BRIEF :: The answer is the data repeated in full, with no pictures included.

RAW DATA ::
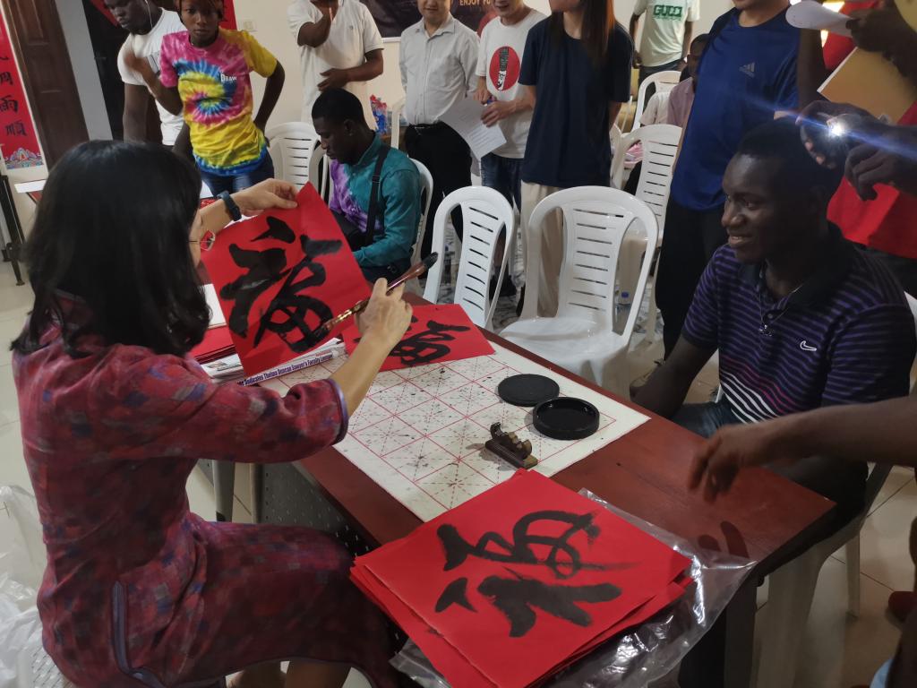 接下来周红专院长教大家写毛笔字。她首先给大家介绍了春节中国人倒贴“福”字的习俗,然后一笔一划展示了“福”字的写法。学生们纷纷拿起毛笔,描摹学写“福”字。在周院长的指导下,蘸墨、落笔、收笔,做得有板有眼,写出来的“福”字也非常工整漂亮。周院长告诉同学们可以把写好的“福”字带回去贴在自家大门上,在利比里亚过一个福气满满的中国年!
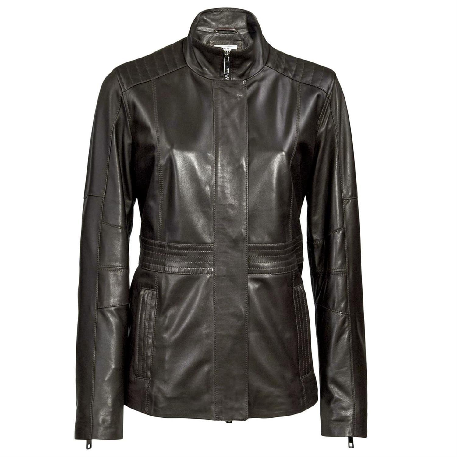 Hakim yaka önden patlı, gizli çıtçıtlı ve fermuarlı kadın kaban.
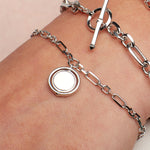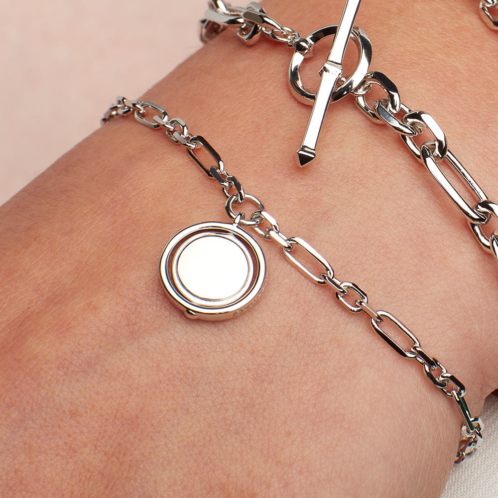 Made in sterling silver, the bold lines of the alternating chain links complement the retro ‘Revival’ style of the coin-like spinning disc.

REPLY TO THE EXERCISE ::
 接下来周红专院长教大家写毛笔字。她首先给大家介绍了春节中国人倒贴“福”字的习俗,然后一笔一划展示了“福”字的写法。学生们纷纷拿起毛笔,描摹学写“福”字。在周院长的指导下,蘸墨、落笔、收笔,做得有板有眼,写出来的“福”字也非常工整漂亮。周院长告诉同学们可以把写好的“福”字带回去贴在自家大门上,在利比里亚过一个福气满满的中国年!
 Hakim yaka önden patlı, gizli çıtçıtlı ve fermuarlı kadın kaban.
 Made in sterling silver, the bold lines of the alternating chain links complement the retro ‘Revival’ style of the coin-like spinning disc.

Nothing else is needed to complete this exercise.